Pub Date : 2015-04-01DOI: 10.4103/2349-3666.240622
Deepak Modi, Pradeep Bhartiya
Implantation of the blastocyst stage embryo into the maternal endometrium is a critical determinant and a rate-limiting process for successful pregnancy. Embryo implantation requires synchronized changes in the endometrium before and after arrival of blastocyst into the uterine cavity. Extensive cross talks occur between the fetal and maternal compartments around the time of implantation which are reflected by morphologic, biochemical and molecular changes in the endometrial cells and the differentiating trophoblast cells. The embryo induced morphologic changes include occurrence of epithelial plaque reaction, stromal compaction and decidualization. Embryonic signals also alter the expression of a large number of transcription factors, growth factors and their receptors and integrins. Thus the embryo superimposes a unique signature on the receptive endometrium for successful implantation. Functionally, the embryo-endometrial cross talk is essential for endowing a “selector activity” to the receptive endometrium to ensure implantation of only a developmentally competent embryo. On selection, the decidua creates a conducive microenvironment for trophoblast invasion leading to placentation.
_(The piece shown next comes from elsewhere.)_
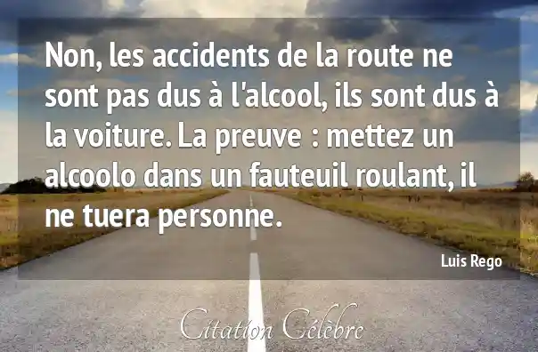 Non, les accidents de la route ne sont pas dus à l'alcool, ils sont dus à la voiture. La preuve : mettez un alcoolo dans un fauteuil roulant, il ne tuera personne.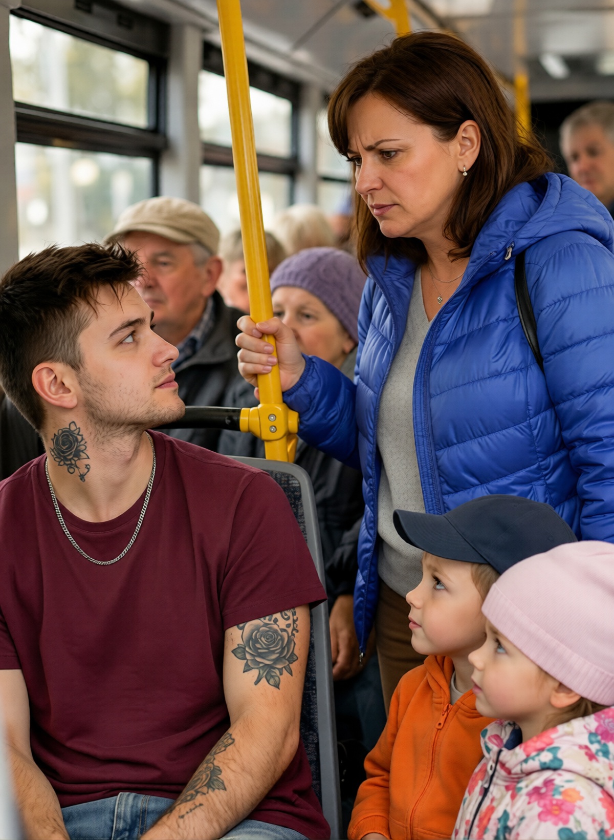 On the bus, a woman with two children started a scene and demanded that a young man give up his seat, but suddenly the man did something that made everyone else freezeĀ

Clinical evidences suggest that along with receptivity, a defective “selector” activity of the receptive uterus may be a cause of infertility and recurrent miscarriages. Defects in trophoblast invasion are associated with pregnancy complications like preeclampsia and intra-uterine growth retardation. It is envisaged that understanding of the embryo-endometrial dialogue leading to the “selector” activity, aids in development of appropriate therapeutic modalities for infertility related disorders and miscarriages. Conversely, it might also benefit the development of anti-implantation drugs for contraception.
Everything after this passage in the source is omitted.